**Source material:**
____________
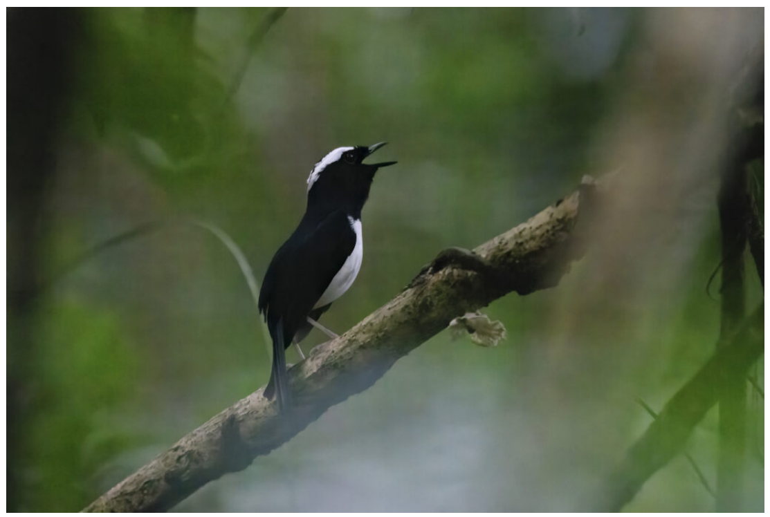
Visayan Shama
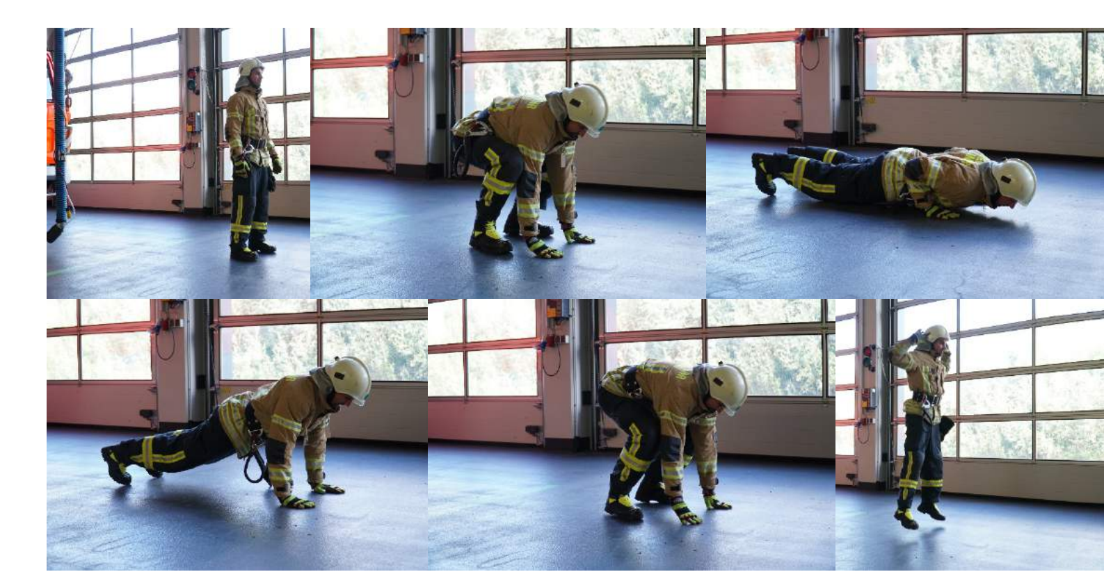
Top 7: Burpees
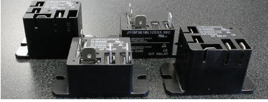
J115F 40amp Series

Relays and switches are becoming highly used in the emerging market of EV Charging Stations. CIT Relay & Switch has a wide variety of relays and switches to suit these products and can customize as needed.
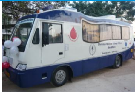
Give blood ... give life

We always need blood to save precious lives. Staff, volunteers and patient relatives contribute. State Bank of India joined CMC in " Banking with a difference " by gifting this smart Blood Donor Van to collect blood donations from the public around Vellore. Three people at a time can donate in comfortable AC conditions.
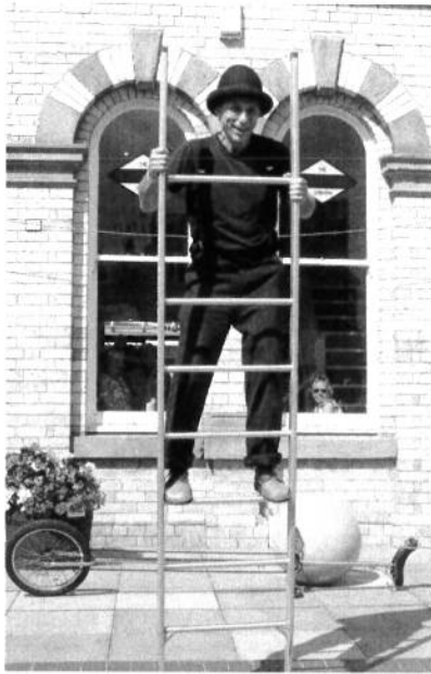
man wobbling about on a ladder (see page 8)
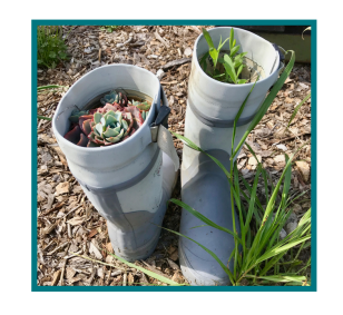
An "upcycled" garden
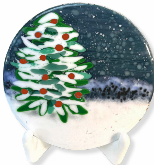
Plate featuring Red Opal Rod dots on tree for a holiday look — or try multi-colored dots!
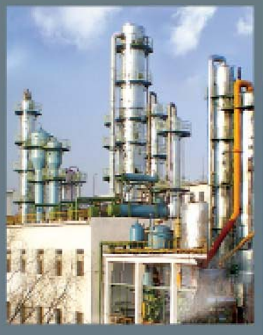
February 8 Vinalon Complex
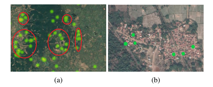
Figure 1: Green dots highlight individual conflicts. (a) Clustered conflicts (highlighted in red) appear near the intersection of terrains. The darker green areas denote dense forested areas, while the lighter areas have sparse vegetation. (b) Conflicts at the boundary of human settlements and forests.
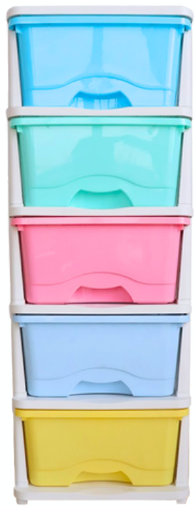
M300 SMART 5 TIER DRAWER WHITE WITH CANDY

These are the products we think are right for Cocomelon, and we'll have two new, different styles of drawers coming out next month.
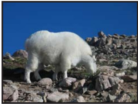
A great photo from the Mt. Evans mountain goat survey.
____________
From the records above, quote word for word only the lines beginning at the line that has "Figure 1: Green" and stopping after the line that has "M300 SMART 5 TIER DRAWER WHITE WITH CANDY". Omit the pictures.

Figure 1: Green dots highlight individual conflicts. (a) Clustered conflicts (highlighted in red) appear near the intersection of terrains. The darker green areas denote dense forested areas, while the lighter areas have sparse vegetation. (b) Conflicts at the boundary of human settlements and forests.
M300 SMART 5 TIER DRAWER WHITE WITH CANDY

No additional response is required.